Lieutenant-Commander Congreve strode down the corridor to them. He wore a dress uniform; his saucer hat was adjusted perfectly to the required tilt.

"What in the hell is going on here?" Congreve demanded. He did not so much shout as raise his cold voice to be heard over the chant booming from Mooker's billet.

Leaf and Caffey snapped to attention. Leaf hoped the other noncom could think of a way to explain—

But Congreve didn't want explanations, he wanted victims. There were a lot of officers like that. . . .

"You! Leaf!" Congreve said. "Open your hands."

"Sir, it's not—" Leaf said as he obeyed. The unused injector dropped to the floor.

Congreve glared at him. "The first thing you can do is take off the other rank stud, Seaman Leaf," he said. "You won't be needing it for a long time—if ever. Now, just what is going on here?"

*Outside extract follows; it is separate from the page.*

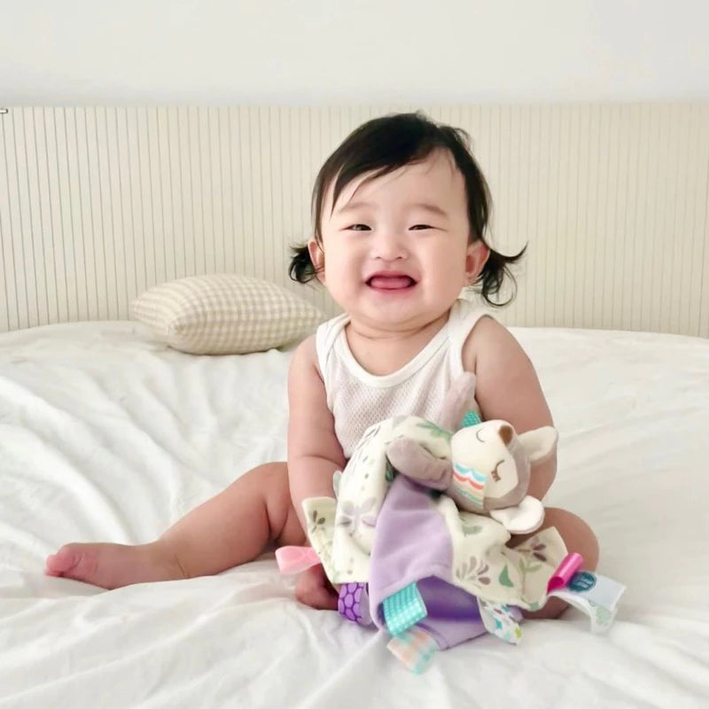ไอเท็มนี้มาในรูปแบบตุ๊กตาผ้ากอด ยอมใจให้กับความละมุนนุ่มนิ่มของทุกผิวสัมผัสที่ทางแบรนด์ตั้งใจเลือกใช้ผ้า แต่ละแบบเค้ามี Texture ผ้าที่แตกต่างกัน ริบบิ้นขอบผ้า ดีเทลและคู่สีที่ลงตัว เสริมพัฒนาการ Sensory skill ได้เป็นอย่างดี การันตีความน่ารักไม่ซ้ำใคร

Leaf swallowed. He was braced so stiffly that he was becoming dizzy, as though being rigid would protect him from what was happening.

"Ah, sir," said Caffey. "It's just, you know, a little party."

The lieutenant-commander's face went red, then white. He stared at the name tape on Caffey's tunic. "Well," he said in a voice of dangerous calm, "we'll just see about that."

Congreve pushed open the door of the billet and said, "All right, stand at—"

The scream and the whine of the cutting bar played a descant to the rumbling bass line from the recorder.

Leaf pulled the door closed. "Let's get the fuck outa here," he said.





14


May 18, 382 AS. 0622 hours.




Filters of cyan, magenta, and yellow shifted across Wilding's vision with every beat of his heart. After hundreds of repetitions, the colors locked suddenly into a polychrome whole. The officer-trainee watched Ensign Brainard take a grenade out of his tunic pocket.

A pair of grenades turned up when Wilding searched K67's ammunition locker. Nobody remembered why they were aboard. Maybe to discourage sea life, maybe because somebody had the notion they'd be useful if the hovercraft's crew had to board another vessel—a vanishingly improbable event.

But the survivors needed them now.

Brainard grimaced, tossing the grenade an inch or two on his palm to judge its heft. He stepped toward the giant cedar. Caffey and Leaf fell in beside him. They were trying to look in all directions at once.

"I said, 'Get to cover,'" the ensign ordered harshly.

The torpedoman opened his mouth to protest.

"I'll have five seconds after I pull this," Brainard said. His finger tapped the grenade's safety pin. "I don't intend to spend it tripping over you two. Get to cover."